Laura wrote that last bit before Amazon's second response.

Taxonomies and tags are political. Indexing is political. Labeling structures are political. So I wonder what tags I'll use to categorize this post - ;-)

If you want to read up on what happened, and many people's responses, here's a list of blog postings:
Laura Dawson
Clay Shirky
Mary Hodder
Richard Eoin Nash
Jane at Dear Author

Bruce Sterling on tagging and Web 2.0

From a much longer (and very funny) presentation at Webstock 09:

Let's look at a few of these Web 2.0 principles and practices.
"Tagging not taxonomy." Okay, I love folksonomy, but I don't think it's gone very far. There have been books written about how ambient searchability through folksonomy destroys the need for any solid taxonomy. Not really. The reality is that we don't have a choice, because we have no conceivable taxonomy that can catalog the avalanche of stuff on the Web. We have no army of human clerks remotely able to tackle that work. We don't even have permanent reference sites where we can put data so that we can taxonomize it....

"Dynamic content." Okay, content is a stable substance that is put inside a container. It's stored in there: that's why you put it inside. If it is dynamically flowing through the container, that's not a container. That is a pipe. I really like dynamic flowing pipes, but since they're not containers, you can't freakin' label them!


There's a lot more, about the next thing, which he calls the Transitional Web. Worth the read.

Do tags work? By Cathy Marshall

bull
An entertaining study of photo tags on Flickr reveals user tags to be somewhat, um, lacking... In a study of photos of a mosaic of a bull in Milan, one that has a good luck ritual associated with it, Marshall found taggers tagging photos with retrievability-hampered results. In other words, the average joe isn't very good at tagging, even for their own data.

The message here is almost painful: a great proportion of user tags add little or no further information; as such, they don't appear as often in narratives or titles. Personal names, which may be quite useful for finding photos among one's own collection (especially over the long haul) are less well represented in all types of metadata, but are relatively similar in quantity.

Now here's a property of tags that I find almost comical: they are seldom verbs, even if a verb is just the thing to characterize a photo. What's unique about what tourists do when they visit the Galleria's bull mosaic? They spin. In fact, if you type in Milan spin as your Flickr search terms, you pull up 94 results, 70 of which are pictures of our bull mosaic. 20 out of 24 results on the first page are on target.

Although spin and spinning make the top 20 list of tags, they are by no means commonly used terms; they are used less than 1% of the time (0.7%). That's just 7 tags. On the other hand, spin makes up 4.8% and 9.5% of title and narrative terms. People just don't seem to be thinking of tags as verbs.

Tagging vs. indexing

The use of tags by readers has skyrocketed.

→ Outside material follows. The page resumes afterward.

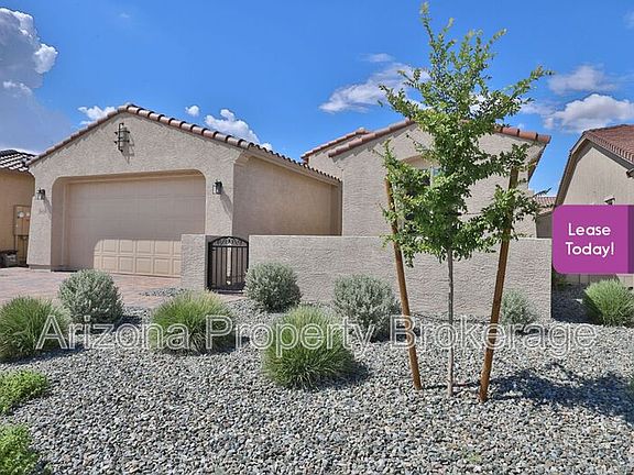 Gorgeous Belice Model built in 2020. This home features 4 bedrooms, 2 bathrooms, and a 3-car tandem garage. The open concept kitchen and great room come complete with gorgeous quartz countertops, a huge oversized working island, upgraded cabinets, and stainless steel appliances, including a gas range. Enjoy the main suite features, including dual vanities, a garden tub, a luxurious shower, and a large walk-in closet. The multi-slide door opens to your extended covered patio and a beautifully landscaped low maintenance yard featuring a large turf area and more. Many more upgrades, including a pavered front porch area, paver walkways, and the 8' garage door is ideal for those high-profile vehicles! This home has energy-saving features like multi-zone HVAC and tech features like Bluetooth keyless entry and smart thermostats! The owner is a licensed real estate agent in the state of Arizona. Monthly Rent $2245 Monthly Resident Benefits Package $45.95 Refundable Security Deposit $2245 Non-Refundable Admin Fee $250.00 Non-Refundable Rekey Fee $100.00 Refundable Pet Deposit (no cats please) $300.00 per pet (if applicable, does not apply to assistive animals) All Arizona Property Brokerage residents are enrolled in the Resident Benefits Package (RBP) for $45.95/month, which includes renters insurance, HVAC air filter delivery, credit building to help boost your credit score with timely rent payments, $1M Identity Protection, move-in concierge service, making utility connection and home service setup a breeze during your move-in, our best-in-class resident rewards program, and much more! More details upon application. As a company, we do business in accordance with the Federal Fair Housing Law and welcome Persons of all Race, Color, Religion, Sex, Handicap, Familial Status or National Origin. Amenities: children's playground, biking/walking path

According to the Pew Internet and American Life Project, January 2007, one third of U.S. Internet users (42 million Americans) had tagged some form of online content. 10 million Americans (7% of Internet users) are tagging content daily. (Gary Smith, Tagging, p. 18)

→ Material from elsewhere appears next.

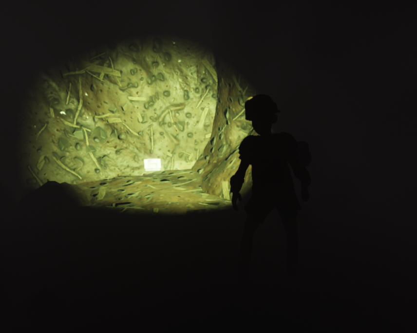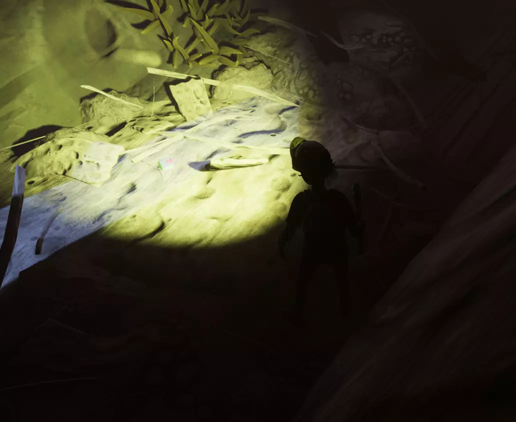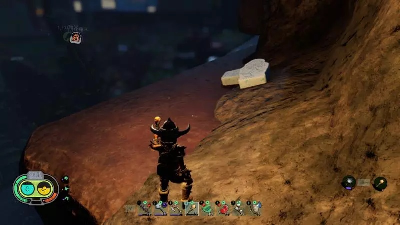 往里走,向左拐,看到一块石头先不要打掉(洞里还有很多白蚁)。踩着石头跳上去可以找到金牙,并且在披棚前面有一本笔记【棘手的情况】。如果不小心把石头打掉了也没关系,右侧有一条可以用炸弹炸开的路,顺着这条路走,从洞往下跳也能到达平台(还可以获得科学点数)。 树篱区的这个位置,石头墙壁处有一个入口,里面有【侦察日记:实习生】和蚂蚁图腾配方。

Here's a new study analyzing tagging practices. Is this "indexing by mob" or is it a valuable source of vocabulary?

PS. I really really recommend this book.
tagging

Gene Smith on tagging

Gene Smith, author of a great book called "Tagging: People Powered Metadata for the Social Web," has a nice presentation up on SlideShare.net.

gene

It's worth taking a look even without any notes. Highly recommended book, too.